The Seton Hall men’s basketball team fell to Providence on the road, 72-63, on Tuesday night after committing a season-high 22 turnovers.
The turnover total was the highest in a game for Seton Hall since 2016, and the Pirates continued to pile them up down the stretch. After a difficult and-one from Myles Powell to make the game 40-38, the Pirates coughed the ball up 10 times in the last 15 minutes of the game and caused the Friars to stretch a lead that they would not relinquish.
In the first half, both teams played loosely with the basketball, but Seton Hall commanded the tempo of the game. Myles Cale opened the game hot with two threes that would put the Pirates up 12-6 early on. Cale also grabbed seven rebounds in the first half, being extremely active on the glass.

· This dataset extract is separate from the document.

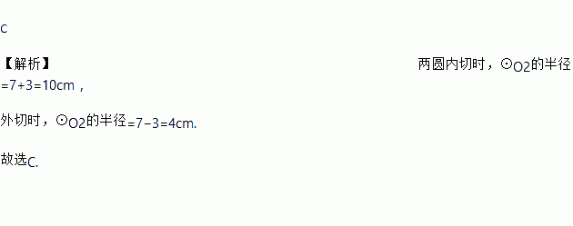 已知⊙O1与⊙O2相切,若⊙O1的半径为3cm,O1O2=7cm,,则⊙O2的半径为( )
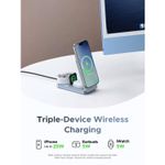 Integrando carga inalámbrica magnética, para reloj y para audífonos en un solo dispositivo, el Cargador UGREEN 3 en 1 MagFlow 25W Qi2 Magsafe Inalámbrico Magnético Plegable W757 - 65901 presenta una solución todo-en-uno compacta. Su diseño plegable y certificación Qi2 lo hacen portátil y eficiente para usuarios que buscan cargar múltiples dispositivos simultáneamente con alta potencia.

The last five minutes of the half reflected how chippy the game was, as the lead went back and forth. Michael Nzei got in early foul trouble and forced the freshman Darnell Brodie into action to close out the half. Brodie saw key defensive minutes and finished a dunk that ignited the team to maintain the lead at the time.
Providence led by one with a minute to go in the half, but Seton Hall fought back with layups by Quincy McKnight and Powell, who had nine points at the half, to retake the lead. The Pirates went into the locker room up 33-30.
With both teams continuing to trade baskets, the Friars were able to capitalize on the Pirates’ turnovers resulting in 13 points off of breaks. The Pirates also gave up 12 second chances points, making a comeback difficult.
Sandro Mamukelashvili also struggled to get into a rhythm, as he picked up his fourth foul with 12 minutes left in the second half. As he re-entered the game later in the half, he scored his first and only points of the game – after scoring double figures in three out of the last five games.
The Pirates now enter a losing skid, as they have lost three of the last four games in Big East play.
Up next for the Pirates is a home game against DePaul on Jan. 19. Tip-off is scheduled for 8 p.m.